Ему нравился Националь, вычурная гостиница, почти музей в самом центре столицы. Нравился неторопливый завтрак у стеклянной стены с видом на Манежную площадь и Кремль.

Миша Векшин осуждал его пристрастие к Националю: «Обшарпанная старина, что ты нашел в этой гостинице?» Чуть обшарпана, да, но разве это так важно? Здесь бывали Мирей Матьё, Пьер Ришар, Катрин Денёв, Олеша, Шолохов с женой Ежова, Ленин жил. Стиль модерн – цветные витражи, растительный орнамент, слегка обветшалый буржуазный шик начала прошлого века. Пузатые кресла, диванчики, помпезные, надутые от собственной важности портьеры, столики и бар из карельской березы или корня бука. В коридорах – китайские вазы и первоклассная русская живопись девятнадцатого века. Отель напоминал Герману старый облезлый рояль, на котором когда-то играл сам Шопен, да и теперь иногда играют заезжие знаменитости.

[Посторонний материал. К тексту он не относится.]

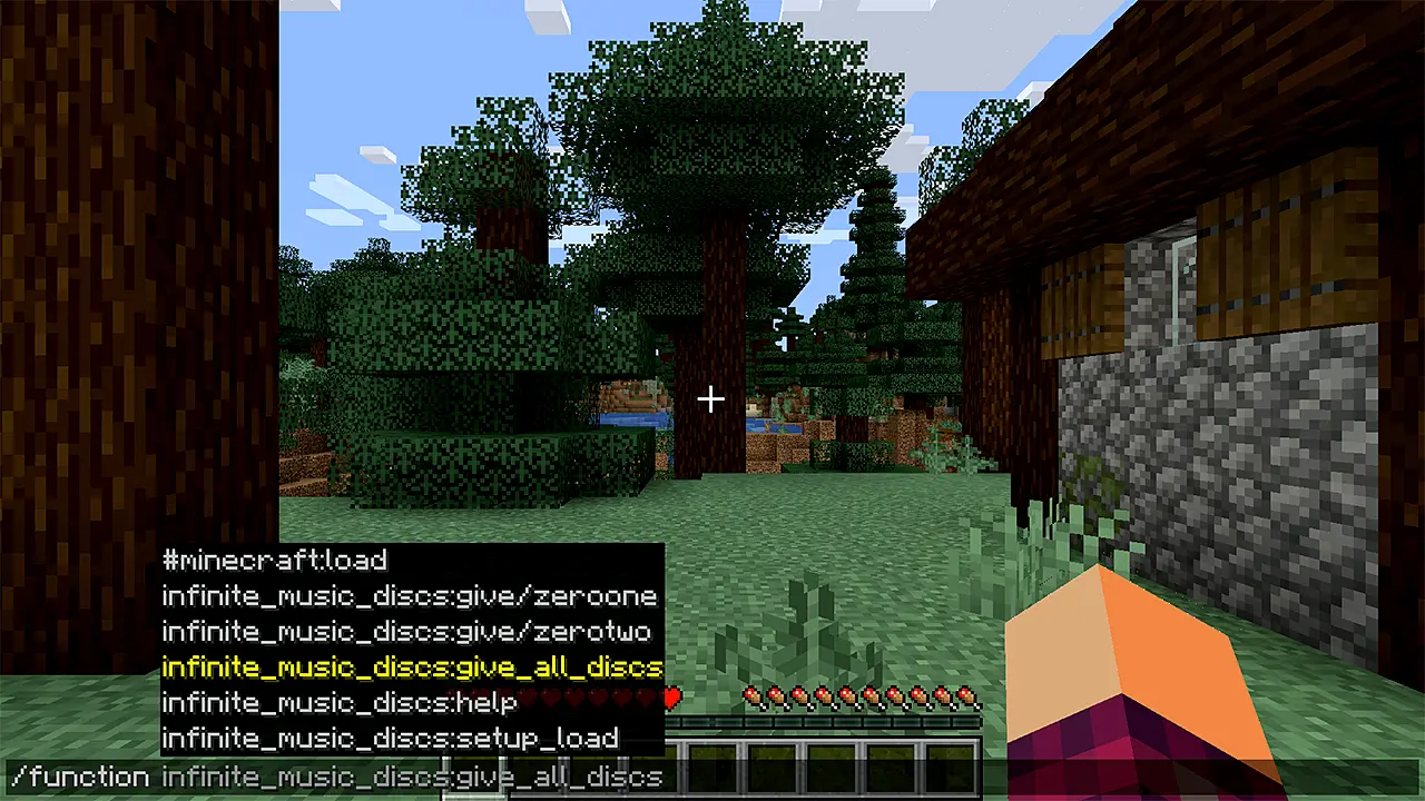 データパックを使用時、コマンド「function」からパック名:give_all_discsを選択すると、全ての曲のカスタムディスクを、まとめて入手出来ます。通常のレコードと同じように使えます。
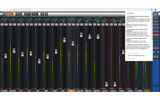 Расширение для браузера Google Chrome/Chromium позволяет настроить midi-контроллер для работы с элементами web-интерфейса цифровых микшерных пультов Soundcraft семейства UI. Возможны установка громкости, mute, solo выбранного на главном экране web-интерфейса канала, а также назначение функций Mute All, Mute FX, Tap Tempo. Настройки контроллера сохраняются. Их можно как частично, так и полностью сбросить. Расширено управление с клавиатуры компьютера: изменение громкости выбранного канала клавишами 'PageUp' и 'PageDown', или '>' и '<', а также установление настройки bpm Tap Tempo с помощью клавиши 'T'. В виджете плеера организовано управление с клавиатуры функциями изменения громкости, mute, solo. Данное расширение бесплатное. Разработчик (музыкант, вокалист, программист) будет благодарен за положительные отзывы и оценки, а также любую помощь, поддержку, пожертвования на развитие проекта. ВНИМАНИЕ!!! В версиях браузера выше v.76 функциональность ограничена (доступно только управление с клавиатуры компьютера) в связи с политикой блокирования работы Web-Midi-Api на ресурсах без HTTPS, на которых и располагается веб-интерфейс микшерных пультов Soundcraft UI https://www.chromestatus.com/feature/5138066234671104. Возможны ДВА решения: I) 1. ПЕРЕЙТИ в раздел флагов браузера, введя в адресную строку браузера chrome://flags/#unsafely-treat-insecure-origin-as-secure, 2. ВКЛЮЧИТЬ (установить в Enabled) флаг #unsafely-treat-insecure-origin-as-secure 3. ВПИСАТЬ используемые адреса web-интерфейса; в общем виде это будет выглядеть так: http://ui-mixer.io,http://10.10.0.80,http://10.10.1.1,http://10.10.1.80,http://10.10.2.1,http://10.10.2.80,http://192.168.0.80,http://192.168.1.80,http://192.168.100.80,http://192.168.43.80 4. ПЕРЕЗАПУСТИТЬ браузер (например, путём нажатия на кнопку "Relaunch"). ИЛИ II) Использовать расширение в поддерживаемых версиях Chromium (v.45 - v.76), что, с одной стороны, быстрее, надёжнее и работоспособнее, а с другой, не затронет настроек уже используемого браузера Google Chrome. Ссылки на скачивание с официального репозитория рабочих версий Chromium: Chromium v.76 x32: https://www.googleapis.com/download/storage/v1/b/chromium-browser-snapshots/o/Win%2F665004%2Fchrome-win.zip?generation=1559266321461084&alt=media Chromium v.76 x64: https://www.googleapis.com/download/storage/v1/b/chromium-browser-snapshots/o/Win_x64%2F665006%2Fchrome-win.zip?generation=1559266498559000&alt=media Примечание. Использовать для назначения действий на midi-контроллер ОДНОВРЕМЕННО на нескольких разных браузерах не получится в виду ограничений архитектуры браузеров. В ОС должны быть установлены драйверы для midi-контроллера. Midi-контроллер должен быть подключен до запуска Google Chrome. Также желательно почистить кеш, cookies для сайта веб-интерфейса. Список адресов, по которым доступна работа расширения с Web-интерфейсом пульта на случай, например, использования отдельного роутера: "*://ui-mixer.io/mixer.html", "*://www.soundcraft.com/ui-demo/mixer.html", "*://www.soundcraft.com/ui24-software-demo/mixer.html", "*://10.10.2.1/mixer.html", "*://10.10.1.1/mixer.html", "*://10.0.0.80/mixer.html", "*://10.0.1.80/mixer.html", "*://10.0.2.80/mixer.html", "*://192.168.0.80/mixer.html", "*://192.168.1.80/mixer.html", "*://192.168.2.80/mixer.html", "*://192.168.43.80/mixer.html", "*://192.168.100.80/mixer.html". Если Вы используете внешний роутер, то для обеспечения функциональности расширения, присвойте микшеру Soundcraft один из представленных выше IP-адресов. ВАЖНО!!! У кого тормозит web-интерфейс пульта Soundcraft UI на браузерах на основе Chromium (Google Chrome, Opera, Edge и т.д.): 1) зайдите в настройки браузера Chrome 2) в категории "Система" найти и ОТКЛЮЧИТЬ пункт "Использовать аппаратное ускорение (при наличии)". 3) перезапустить браузер Данный баг никак не связан с настоящим расширением. В случаях некорректной работы расширения прошу направлять Ваши замечания с её описанием по адресу [

Улыбчивые девушки на ресепшен, всегда разные и всегда одинаковые, предупредительный до приторности портье, консьержи, будто мышки. «Мы вас так ждали, Герман Владимирович, именно вас, как мы рады, что вы к нам снова приехали. У вас скидки… Давайте посмотрим. Нет, еще не накопилось достаточно, чтобы дать вам номер бесплатно… Но в лобби-баре у вас скидки на все, кроме спиртного. Вы знаете об этом, у вас карта, очень хорошо. Давайте мы отнесем ваш кейс, ах сами… Лифт любой, можете у входа, но лучше пройти к лифту через лобби, там ближе к номеру».

Раньше, когда в его жизни еще существовала Ана, он часто ездил в Москву и неизменно останавливался в этом отеле. Поезд прибывал около одиннадцати утра. Следовало доложиться, что он в Москве, так было уговорено между ними. «Хорошо, очень хорошо, милый, у меня совсем нет времени, на работу надо. В любом случае я заеду на полчаса, хочу повидаться. Буду около часа, устроит? Спускайся в лобби-бар. Вот и хорошо, заодно и позавтракаешь, там неплохо кормят. А вечером забронируй столик в Кафе Пушкин, на Твербуле. Часов на девять. А потом к тебе. Или нет… После Пушкина зайдем в наш Four Seasons, ты знаешь, там классно. Завтра суббота, можем не торопиться. Хотя нет, с утра мне надо на китайский массаж.

Если хочешь – пойдем вместе. Когда уезжаешь, в пятнадцать? Я провожу. Все, целую, отдыхай. Позвони, когда поселишься».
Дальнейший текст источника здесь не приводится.